WHAT YOU NEED TO DO: Every line of the records below from the line with "de pista seca." up to and including the line with "Nella foto Ansa" must be reproduced exactly, and no line outside that range.

DATASET RECORDS:
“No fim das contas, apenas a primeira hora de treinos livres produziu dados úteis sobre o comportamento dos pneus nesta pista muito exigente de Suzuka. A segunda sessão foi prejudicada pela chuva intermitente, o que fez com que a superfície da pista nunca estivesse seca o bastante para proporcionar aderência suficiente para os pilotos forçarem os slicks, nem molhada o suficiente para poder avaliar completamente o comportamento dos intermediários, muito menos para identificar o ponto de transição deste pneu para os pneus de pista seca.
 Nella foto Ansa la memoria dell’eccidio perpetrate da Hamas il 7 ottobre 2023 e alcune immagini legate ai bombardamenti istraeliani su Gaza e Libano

==

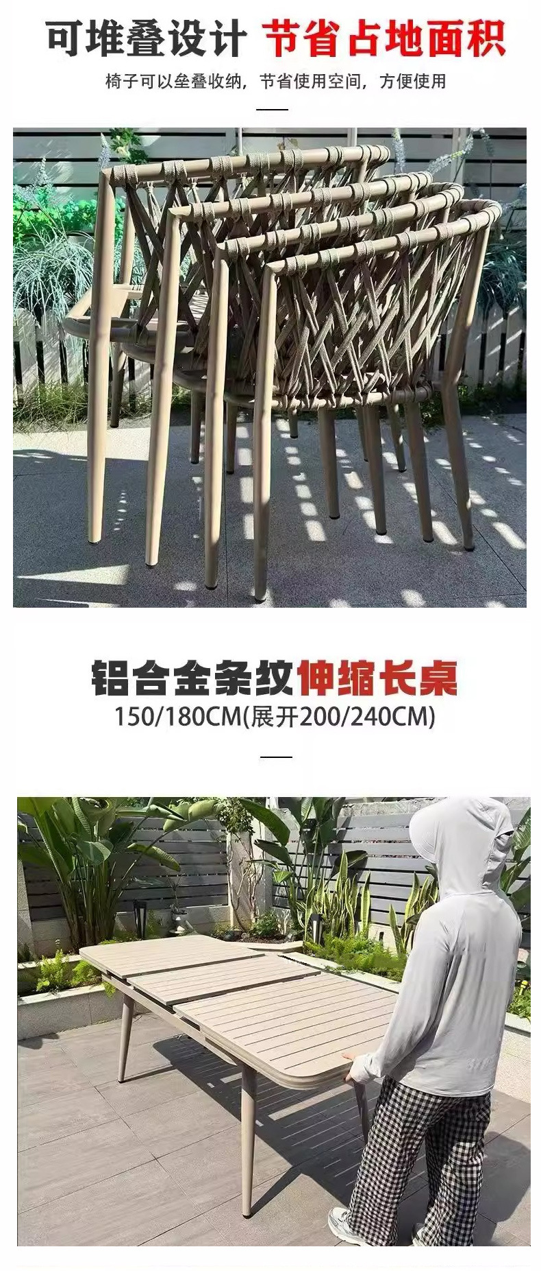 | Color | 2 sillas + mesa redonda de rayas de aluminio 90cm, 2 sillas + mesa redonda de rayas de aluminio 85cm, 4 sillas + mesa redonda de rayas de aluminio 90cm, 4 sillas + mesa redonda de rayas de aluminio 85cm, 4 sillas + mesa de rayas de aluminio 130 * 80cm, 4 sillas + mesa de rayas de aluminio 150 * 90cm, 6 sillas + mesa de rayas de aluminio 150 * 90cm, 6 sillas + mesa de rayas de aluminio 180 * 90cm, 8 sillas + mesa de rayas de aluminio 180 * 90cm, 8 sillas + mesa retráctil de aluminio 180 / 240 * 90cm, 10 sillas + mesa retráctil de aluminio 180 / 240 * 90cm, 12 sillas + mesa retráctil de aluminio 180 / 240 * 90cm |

--

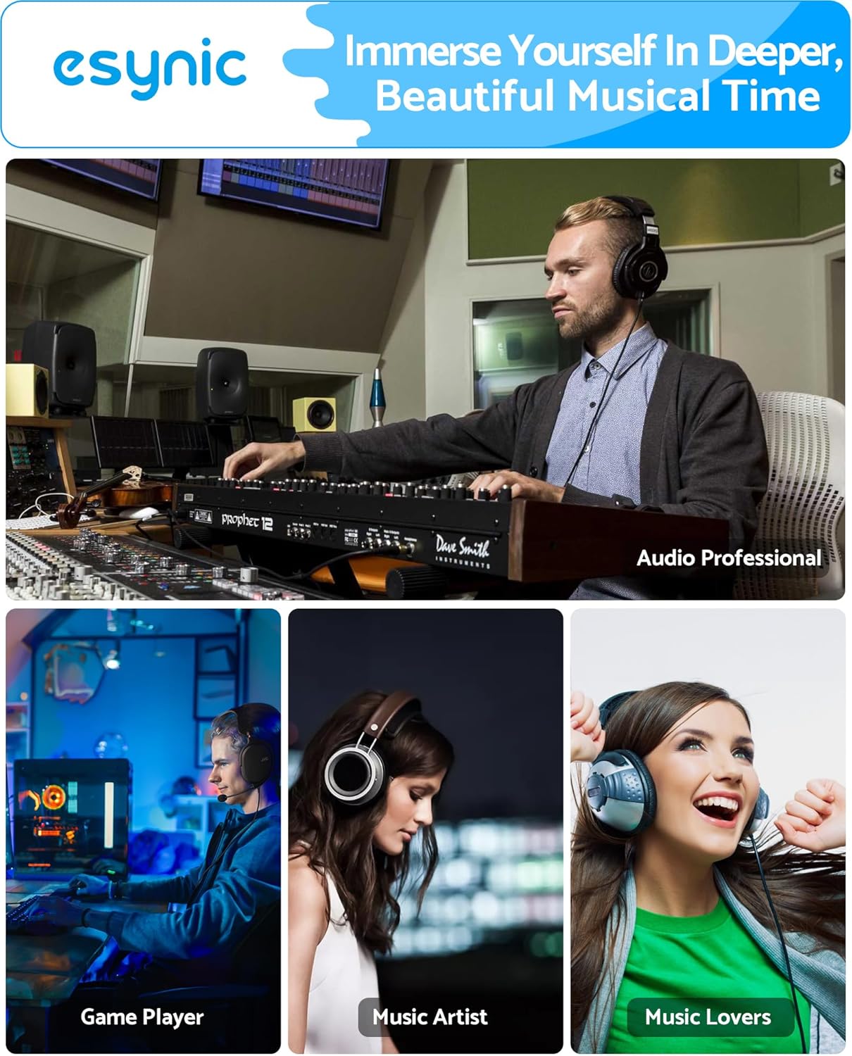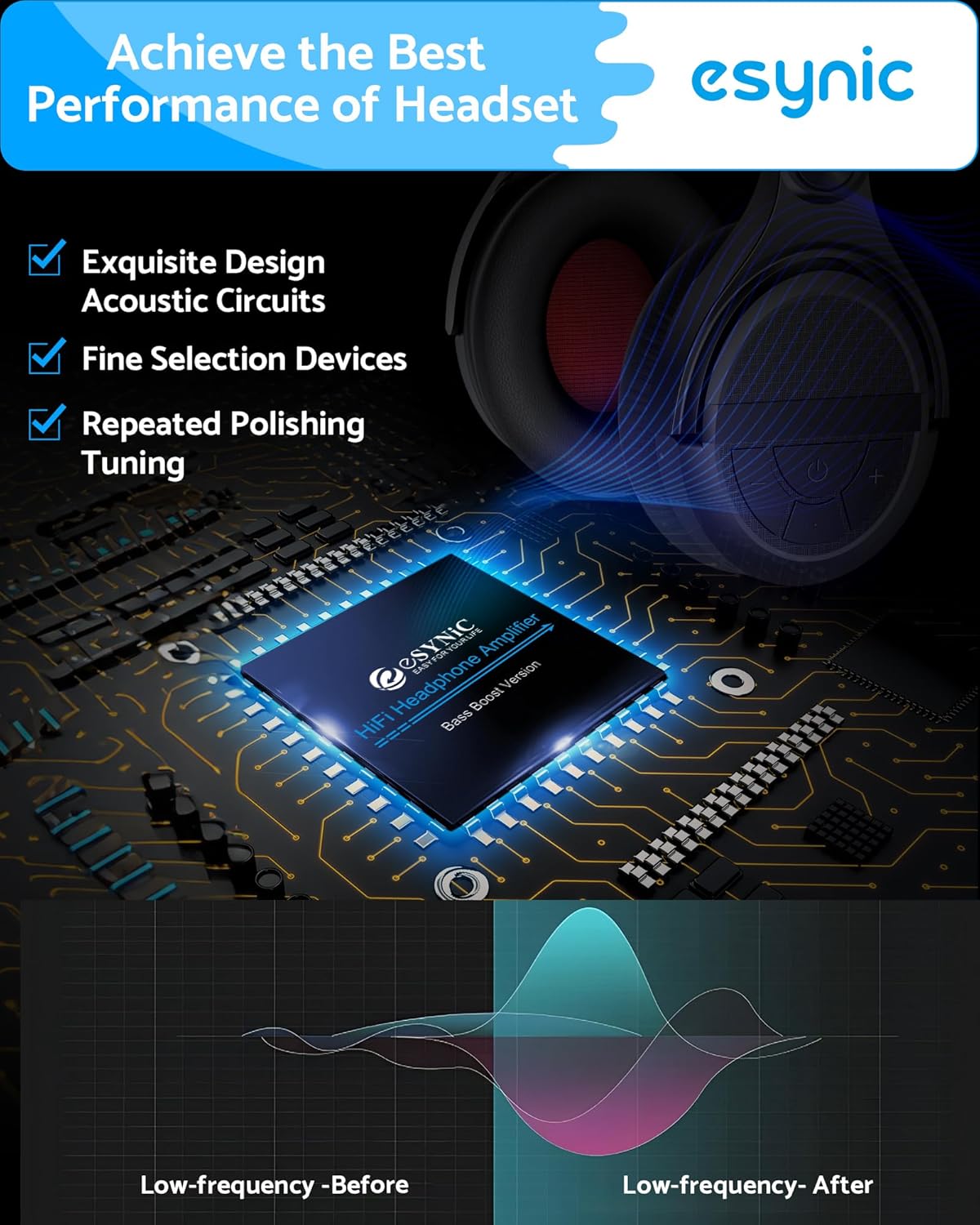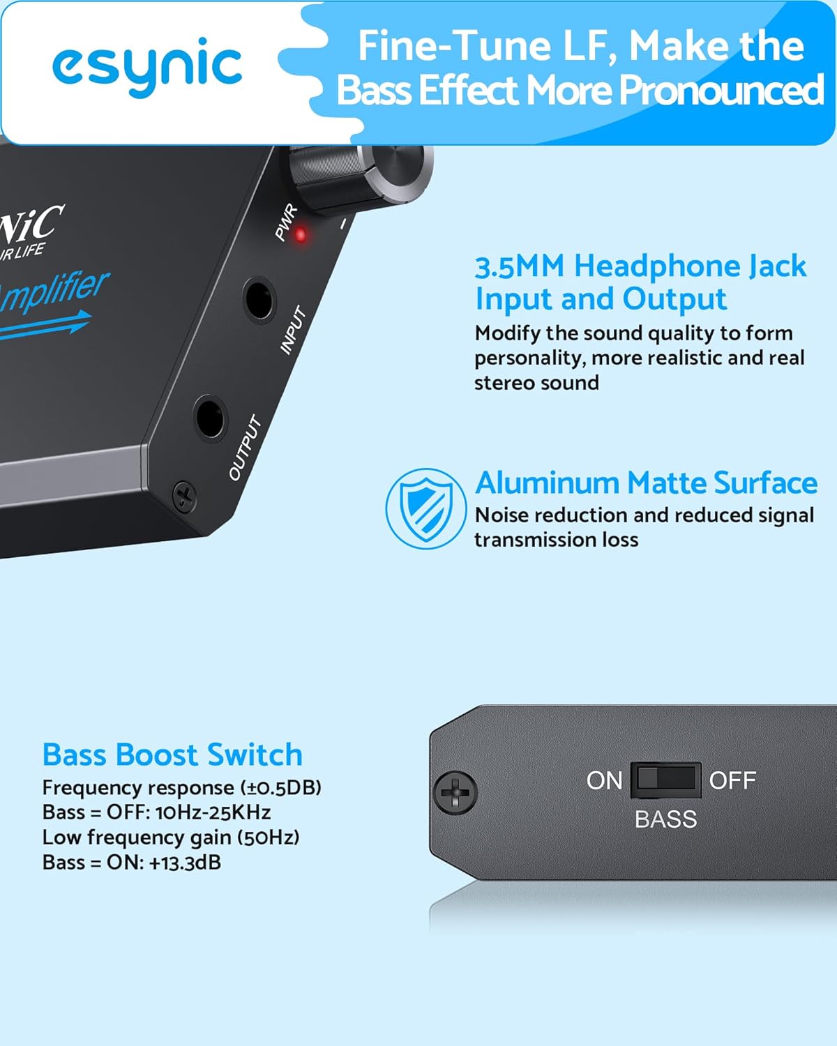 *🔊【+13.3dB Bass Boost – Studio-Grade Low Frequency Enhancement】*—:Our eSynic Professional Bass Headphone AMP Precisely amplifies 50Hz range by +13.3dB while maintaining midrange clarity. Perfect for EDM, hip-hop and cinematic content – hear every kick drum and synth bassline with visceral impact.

SOLUTION BELOW:
“No fim das contas, apenas a primeira hora de treinos livres produziu dados úteis sobre o comportamento dos pneus nesta pista muito exigente de Suzuka. A segunda sessão foi prejudicada pela chuva intermitente, o que fez com que a superfície da pista nunca estivesse seca o bastante para proporcionar aderência suficiente para os pilotos forçarem os slicks, nem molhada o suficiente para poder avaliar completamente o comportamento dos intermediários, muito menos para identificar o ponto de transição deste pneu para os pneus de pista seca.
 Nella foto Ansa la memoria dell’eccidio perpetrate da Hamas il 7 ottobre 2023 e alcune immagini legate ai bombardamenti istraeliani su Gaza e Libano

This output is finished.